It is noted that the first affinity ligand and the second affinity ligand can have an affinity for the target molecule that is sufficiently high to generate crosslinks that are strong enough to change a volume of the hydrogel network where sufficient crosslinks are present. However, the affinity of the first affinity ligand and the second affinity ligand for the target molecule can also be sufficiently low that the crosslinks can be reversible. For example, as a general guideline, suitable dissociation constants (K_d) for these aptamers can range from 500 μM to 0.1 nM.
A detector can be positioned to detect changes in volume of the crosslinked hydrogel network based on formation and dissociation of reversible crosslinks with the target molecule. A variety of suitable detectors can be used. Non-limiting examples of suitable detectors can include optical detectors, pressure detectors, magnetometers, the like, or a combination thereof.
For example, FIG. 3 illustrates a hydrogel sensor device 301 including a housing 360 and a plurality of crosslinked hydrogel networks 300A, 300B, 300C respectively associated with individual detectors 350A, 350B, 350C. As an inline sensor, an inlet 370 can be oriented to accept incoming fluids to allow fluids to fluidly contact individual hydrogel networks. Fluids can then exit the housing via outlet 372. In further detail, magnetometer 350A can be positioned to detect a volume change in crosslinked hydrogel network 300A. More specifically, crosslinked hydrogel network 300A can be coupled to a metal sheet 352A. Changes in volume of crosslinked hydrogel network 300A, based on a local concentration of the target molecule, can change a distance 358A between the metal sheet 352A and the magnetometer 350A. These changes in distance 358A between the metal sheet 352A and the magnetometer 350A can be detected by magnetometer 350A and correlated to a local concentration of the target molecule. Additional examples and details of magnetometers can be found in U.S. patent application Ser. No. 15/006,172, filed Jan. 26, 2016, which is incorporated herein by reference.

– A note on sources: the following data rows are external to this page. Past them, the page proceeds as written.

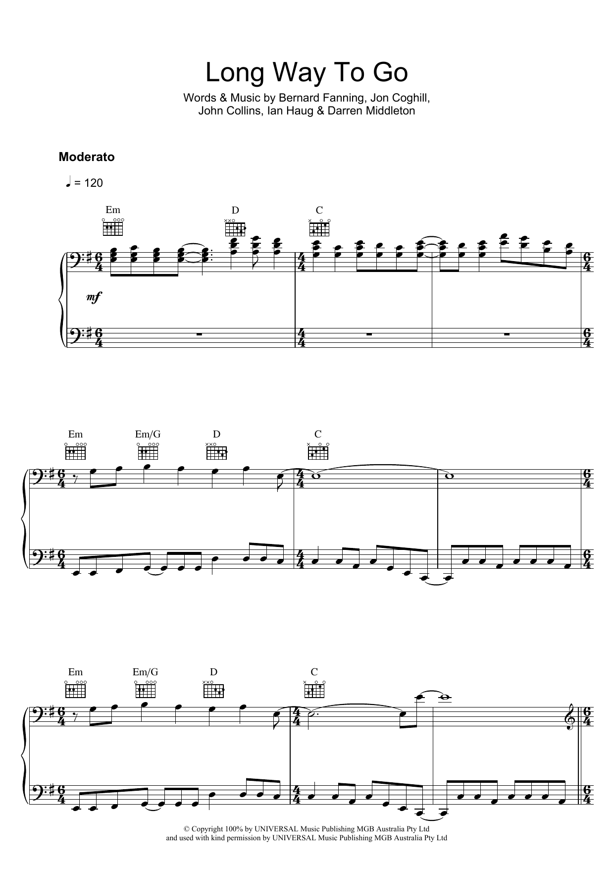 Download or print Powderfinger Long Way To Go sheet music, chords and digital score arranged for Piano, Vocal & Guitar Chords. This Rock score includes 5 page(s).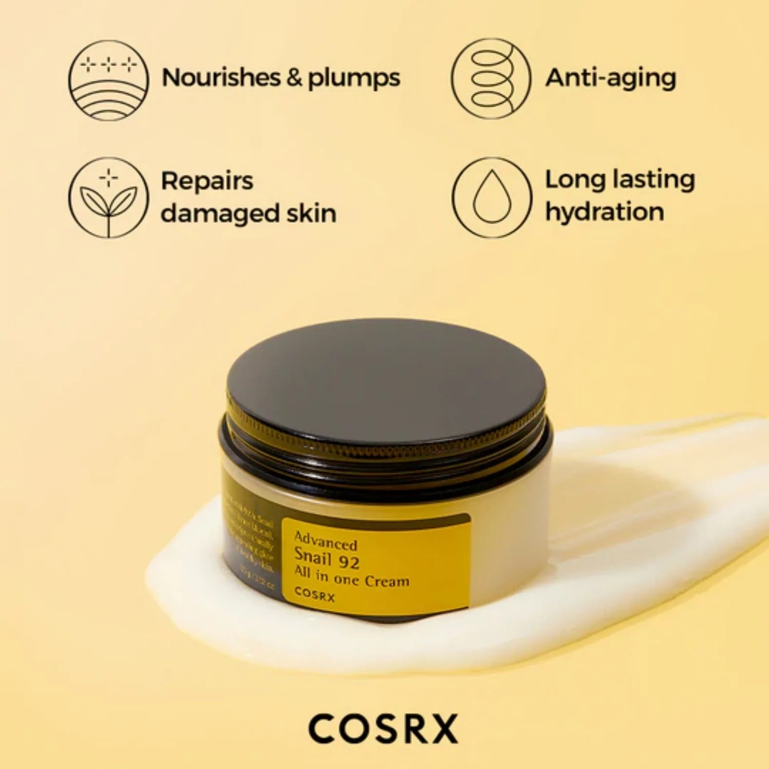 يحتوي هذا الكريم على 92% من مخاط الحلزون، ينساب على البشرة ويشكل حاجزًا مرطبًا لترطيب البشرة وتهدئتها.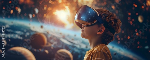 Wall mural children exploring space and planetary systems through apps for educational and curiosity driven lea - Wall murals Wall mural children exploring space and planetary systems through apps for educational and curiosity driven lea - Wall murals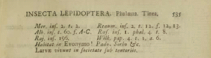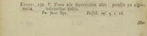 - Lectotypus-Festlegung: Robinson, G. S. & E. Schmidt Nielsen (1983): The Microlepidoptera described by Linnaeus and Clerck. — Systematic Entomology 8: 191-242.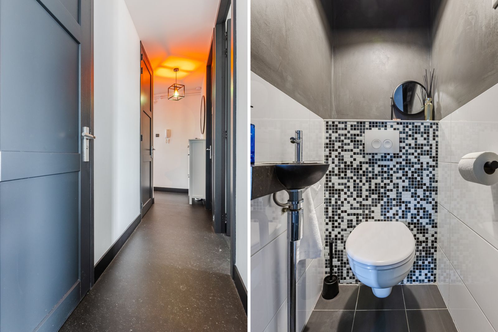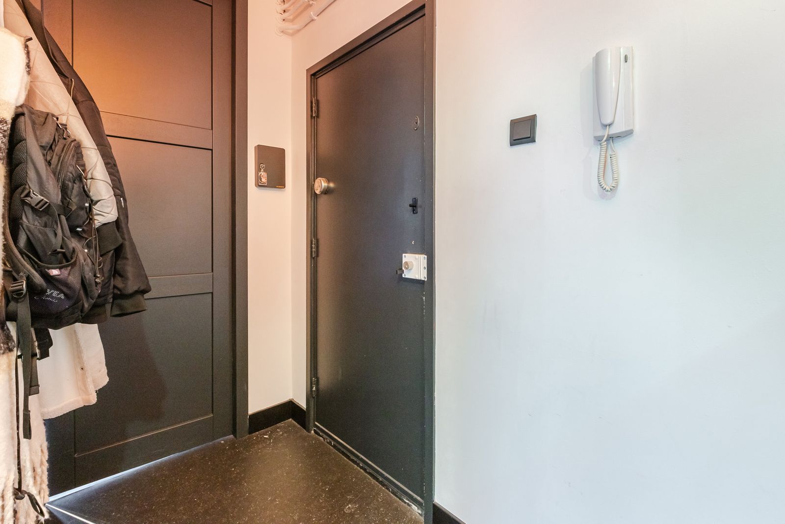 Stap binnen via de gezamenlijke entree en bereik de bovenste etage van dit unieke complex, waar jouw nieuwe thuis op je wacht. De hal geeft je toegang tot alle vertrekken, waardoor je direct het ruime gevoel van dit prachtige appartement ervaart.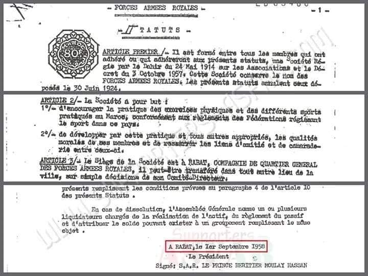 النص الأصلي باللغة الفرنسية FORCES ARMÉES ROYALES STATUTS Il est formé entre tous les membres qui ont adhéré ou qui adhéreront aux présents statuts, une Société régie par le Dahir du 24 Mai 1914 sur les Associations et le Décret du 3 Octobre 1957. Cette Société conserve le nom des FORCES ARMÉES ROYALES, les présents statuts annulent ceux déposés le 30 Juin 1924 ARTICLE 1 : la sociète a pour but d’encourager la pratique des exercices physiques et des différents sports pratiqués au Maroc, conformément aux règlements des Fédérations réglementant …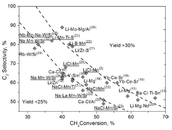 From the pioneering work of Keller and Bhasin [22] and Ito and Lunsford [23], various catalysts have been investigated to attain adequate methane conversion and C2 selectivity/yield. Most of the metal oxides in the periodic table, such as transition metal oxides, rare earth metal oxides, alkali or alkaline earth metal oxides, perovskites and pyrochlore compounds, have been individually or in various combinations tested for OCM reaction [3,24,25,26,27,28]. Zavyalova et al. [29] conducted a comprehensive statistical analysis of about ~1000 research articles related to OCM. They pointed out that both rare-earth metal oxides and alkaline-earth metal oxides, along with alkali metal oxides, are good candidates for OCM reaction. In addition, binary and ternary combinations of metal oxides are also crucial for high and sustainable catalytic activity in the OCM reaction. The selectivity of the catalysts can be further improved by using various dopants such as alkali (Cs, Na) and alkaline earth (Sr, Ba) metals, whereas Mn, W and the Cl− anion dopants can be used to enhance the catalytic activity. Figure 3 represents the most promising OCM catalytic systems with C2 yields greater than 25%.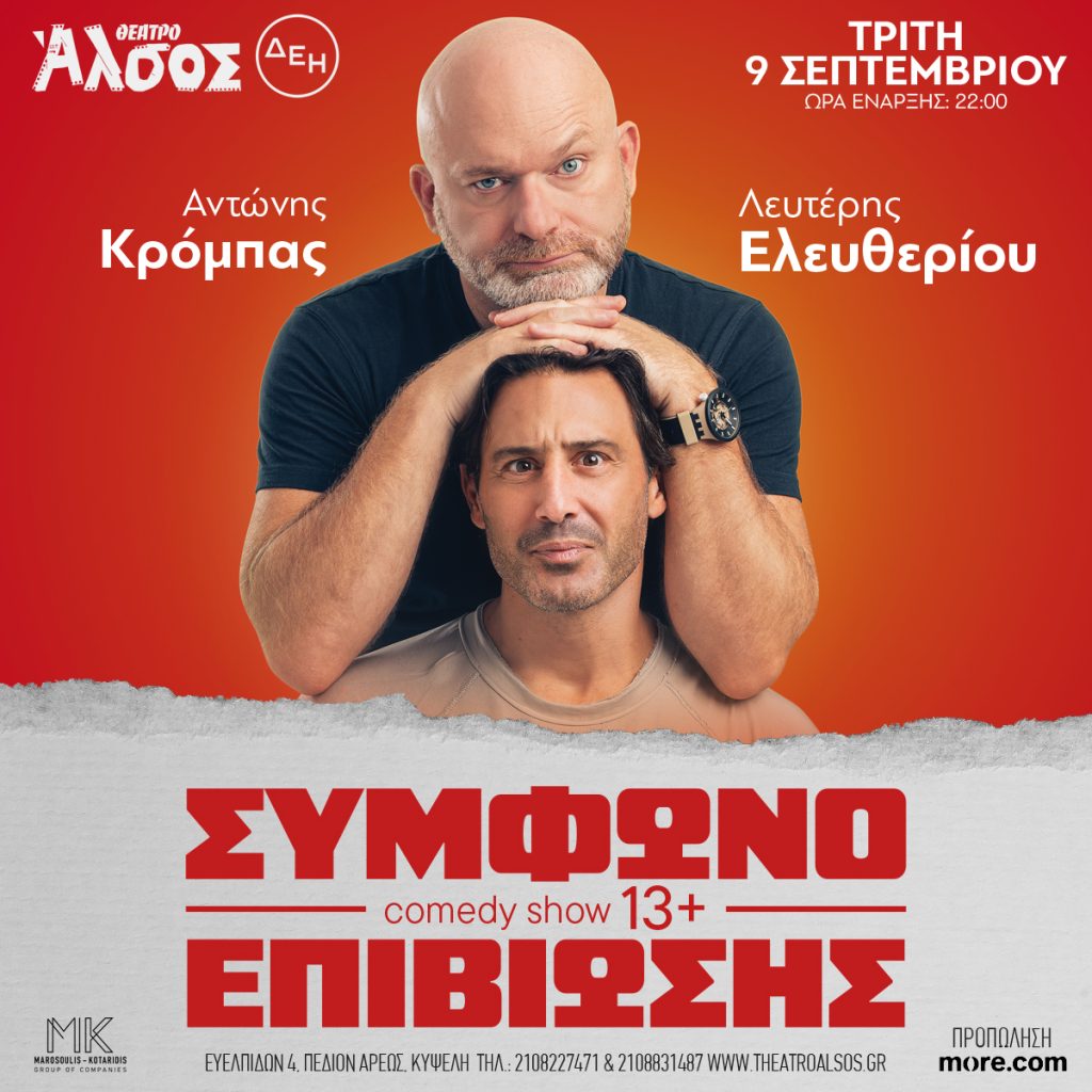 ΣΥΜΦΩΝΟ ΕΠΙΒΙΩΣΗΣ ΑΝΤΩΝΗΣ ΚΡΟΜΠΑΣ – ΛΕΥΤΕΡΗΣ ΕΛΕΥΘΕΡΙΟΥ ΤΡΙΤΗ 6 ΣΕΠΤΕΜΒΡΙΟΥ ΣΤΙΣ 22:00 ΘΕΑΤΡΟ ΑΛΣΟΣ ΔΕΗ Το «Σύμφωνο επιβίωσης» έρχεται στο Θέατρο Άλσος ΔΕΗ την Τρίτη 9 Σεπτεμβρίου για να μας χαρίσει μια ξεχωριστή βραδιά γέλιου γεμάτη εναλλαγές και ανατροπές! Ο Αντώνης Κρόμπας και ο Λευτέρης Ελευθερίου, το γνωστό κωμικό δίδυμο, ενώνουν τις δυνάμεις […]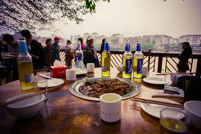 雅安有三雅,雅鱼,雅女,雅雨,看到了两样,雅鱼太贵了就没吃,我们点了个烤鱼,加上几瓶啤酒几碗米饭吃了,晚上去拍了雅安的一座桥。

Similarly, pressure sensor 350B is positioned to detect changes in volume of crosslinked hydrogel network 300B. For example, detector 350B can represent a strain gauge coupled to the crosslinked hydrogel network 300B such that a change in volume of the crosslinked hydrogel network 300B can impose a detectable stress on pressure detector 350B. The degree of stress detected by the pressure detector 350B can be correlated to a local concentration of the target molecule. Non-limiting examples of pressure sensors can include piezoresistive strain gauges, capacitive pressure detectors, electromagnetic pressure sensors, piezoelectric pressure sensors, strain gauges, potentiometric pressure detectors, the like, or a combination thereof.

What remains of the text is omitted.